Discussion
In this study, which was carried out in the first wave of COVID-19, the
effects of demographic data and drugs utilized in the last 6 months
before contracting COVID-19 on the probability of hospitalization, ICU
admission or mortality were examined. Increasing age was associated with
all three main endpoints of the study, which were listed as
hospitalization, ICU admission, and mortality. In addition, the presence
of COVID-19 thoracic CT findings and polypharmacy was associated with an
increased probability of hospitalization and being alone and the
presence of COVID-19 thoracic CT findings were associated with an
increased probability of ICU admission. When the effects of drugs used
in the last 6 months before contracting COVID-19 were examined, it was
seen that DM medications increased the probability of hospitalization,
and CCBs increased the probability of ICU admission and mortality.
Increasing age and the presence of comorbidity have been shown to be an
important risk factor for the severe clinical course of COVID-19 since
the beginning of the COVID-19 pandemic [1,2,4]. We also obtained
similar results in our study; HT, DM, hyperlipidemia, asthma/COPD,
cardiovascular, kidney and cerebrovascular diseases were associated with
the clinical course of COVID-19. It was observed that HT increased the
probability of ICU admission (Table 5), while CVD increased the
probability of mortality 73 times (Table 6).
Numerous studies have been conducted since the beginning of the pandemic
that ACEI/ARBs are associated with COVID-19 in harmful or protective
ways.
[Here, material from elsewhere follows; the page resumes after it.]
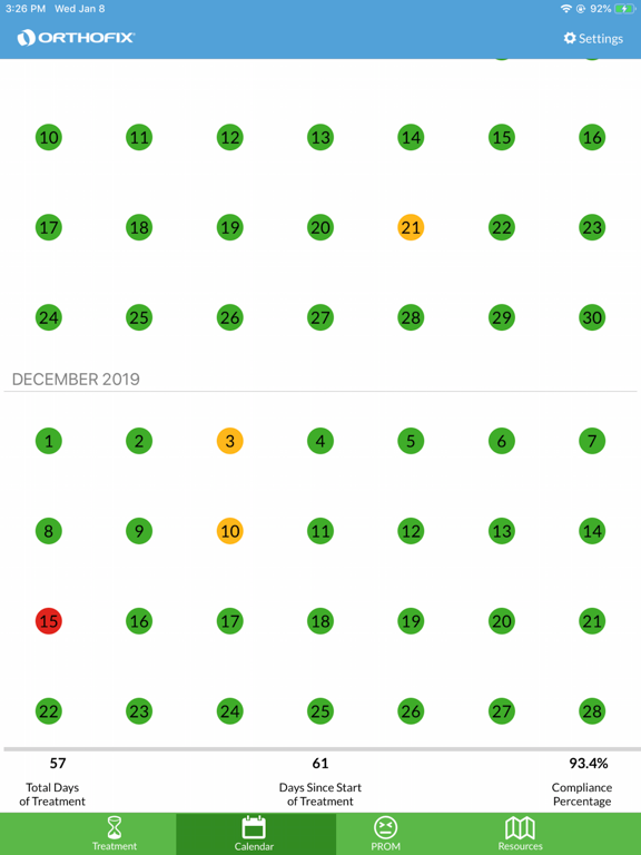 • Daily treatment calendar

According to data from most large-scale studies and meta-analyses,
RAS blockers do not change the clinical course of COVID-19
[7,19,20]. Similar findings were obtained in our study; it was
observed that ACEI and ARBs had no effect on the clinical course of
COVID-19.
In our study, it was also observed that DM medications increased the
probability of hospitalization three fold (Table 4). However, it had no
effect on ICU admission and mortality. In the logistic regression
analysis when DM medications were divided into subgroups as metformin,
sulfonylureas, meglitinides, thiazolidinediones, α-glucosidase
inhibitors, GLP-1 agonists, DPP4 inhibitors, SGLT-2 inhibitors and
insulin, no significant difference was observed between the drug groups
in terms of their effects on hospitalization. However, chi-square
analysis revealed that all DM drug subgroups were associated with
hospitalization, and SGLT-2 inhibitors were also associated with
mortality and admission in the ICU. In the literature, it is stated that
the use of metformin is generally associated with a decrease, while the
use of insulin is associated with an increase in mortality due to
COVID-19 [11,12,21]. Regarding other DM drug groups, there are
publications that show different results from each other. In a study
involving 2.85 million patients with type 2 DM in the UK, statistical
evidence was presented that patients receiving metformin, SGLT2
inhibitors and sulfonylurea treatments had a lower risk of death than
those who did not take these drugs [11]. In the same study, it was
determined that the risk of death was higher in those whose given
insulin and DPP-4 inhibitors than those who did not [11].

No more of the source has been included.